Oct 17, 2006

More on Dickinson’s Spider

After thinking about the Emily Dickinson poem I quoted in my last blog entry, I came to the conclusion that though it is not a great poem, it is at the least not marred by Dickinson’s worst mannerisms, as Winters discussed at length in his essay on her in Maule’s Curse (In Defense of Reason). This poem employs a steady diction and a cool, sharp style that is close to her best work in her great poems. Thinking about these things brought to mind Dick Davis’s recent essay “Poetry, A Prognosis” from a 2003 number of The New Criterion:

I think it’s a fair bet that if you asked most people on this side of the Atlantic who claim to enjoy reading poetry who their favorite pre-twentieth-century English language poets are, they’d say “Donne and Emily Dickinson”: on the other side of the Atlantic the odds are they’d say “Donne and Hopkins.” Much as I like a lot of the verse of Donne, and a fair amount of Dickinson, and even a bit (a very little bit) of Hopkins, I think this indicates where the trouble with modern poetry lies. All three are eccentrics: their poems are hard to comprehend and seem to stand in need of explication, though their habitually excited tone makes even the uninitiated feel that some kind of genuine feeling must be there, even if we can’t quite paraphrase it; and their technique is to some extent both experimental and sui generis. They’re odd-balls, whose verses can be hard to paraphrase...
Does this seem true, too true, David's points about the attractiveness of eccentrics, to those who can be called Wintersians? (Judging from my casual surveys of literary culture over the past 25 years, the diversity of opinion in the world of poetry [and every area of human endeavor] is so astonishing that I don’t think there is any generalization one could make about people who like poetry. People “who claim to enjoy reading poetry” appear to come in every imaginable variety.) Davis has written some trenchant pieces studying what is happening in and to contemporary poetry. As Winters noticed so long ago (concerning a poet even as traditional as George Herbert), it is the eccentricities of poets that grab the attention of so many poets and readers of poetry. As part of the ascendancy of Romanticism across our literary culture, the writing and reading of poetry have become the pursuit of almost pure individuality, as shown, for example, in many poetry blogs on blogger.

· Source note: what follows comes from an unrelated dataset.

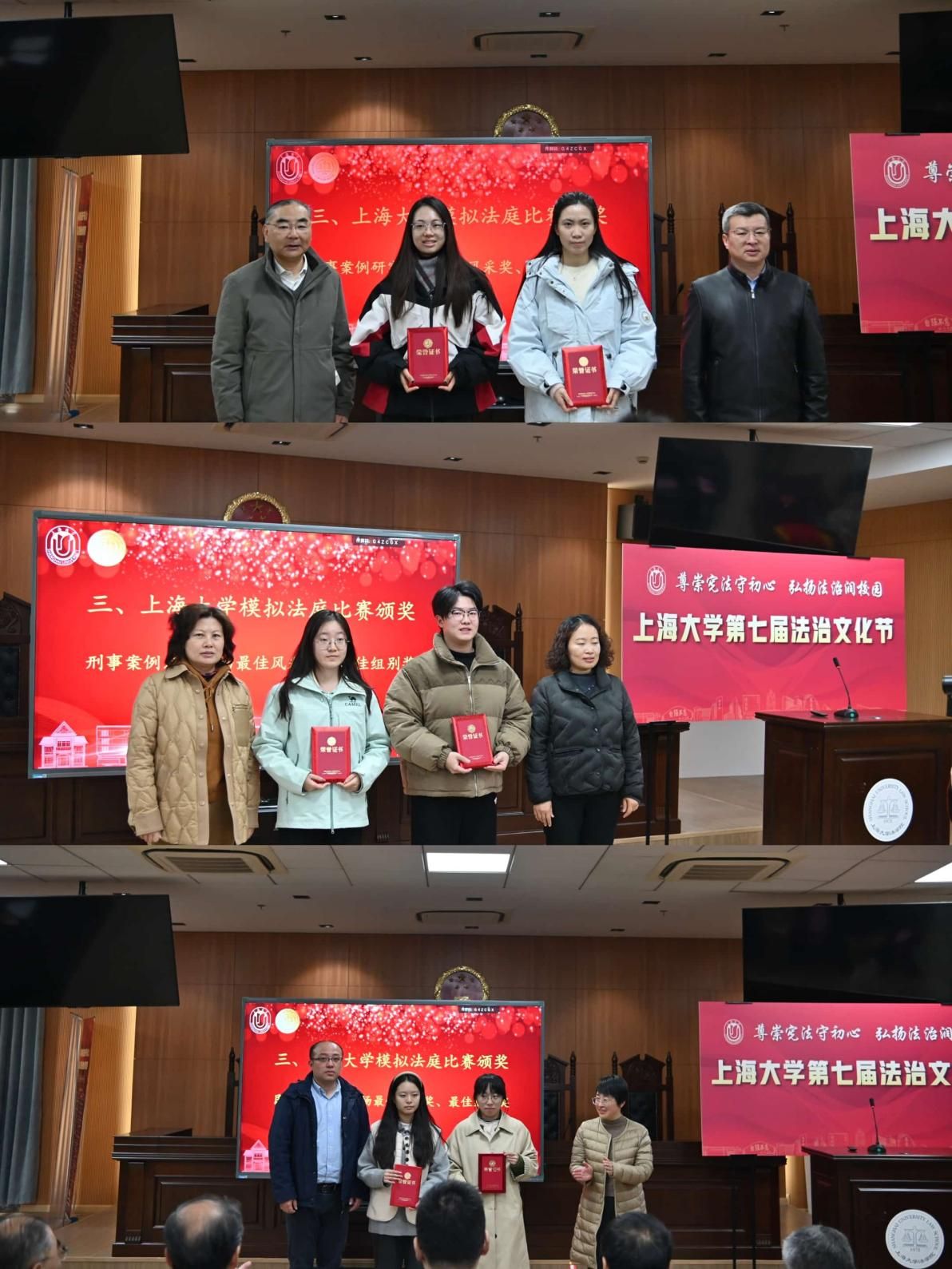 开幕式上,还举行了“金法槌杯”模拟模拟法庭比赛校内选拔赛的颁奖仪式。党委研究生工作部副部长周轶、校工会副主席勾金华共同为民事案例研究生场最佳风采奖、最佳组别奖获得者颁奖;学生工作办公室副主任韩晶,秋白书院执行院长、社会学院党委副书记、副院长张乃琴为刑事案例本科生场获奖选手颁发荣誉;后勤保障部副部长、保卫处处长徐义圣,党委宣传部副部长、文明办主任何金伟为刑事案例研究生场获奖者授奖。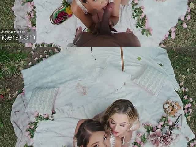 VR Bangers: Hot Blondies In Underware Suck Your Dong And Screw Hard In FFM Fantasy Porn

How much does Dickinson’s little ditty on the spider exhibit the repeated eccentricities of her verse that remain in nearly unquestionable favor in our dominant literary culture? I think it winks at them, but it keeps its distance. Nonetheless, this poem is more obscure than it should be because, it appears, she chose not to say exactly what she means and adjust her tone properly to whatever it was she wished to say. Her once-unusual habit of playfully obfuscating her meaning has long become a common and highly praised practice of modern poetry, a matter which Winters discussed extensively in Primitivism and Decadence back in 1937.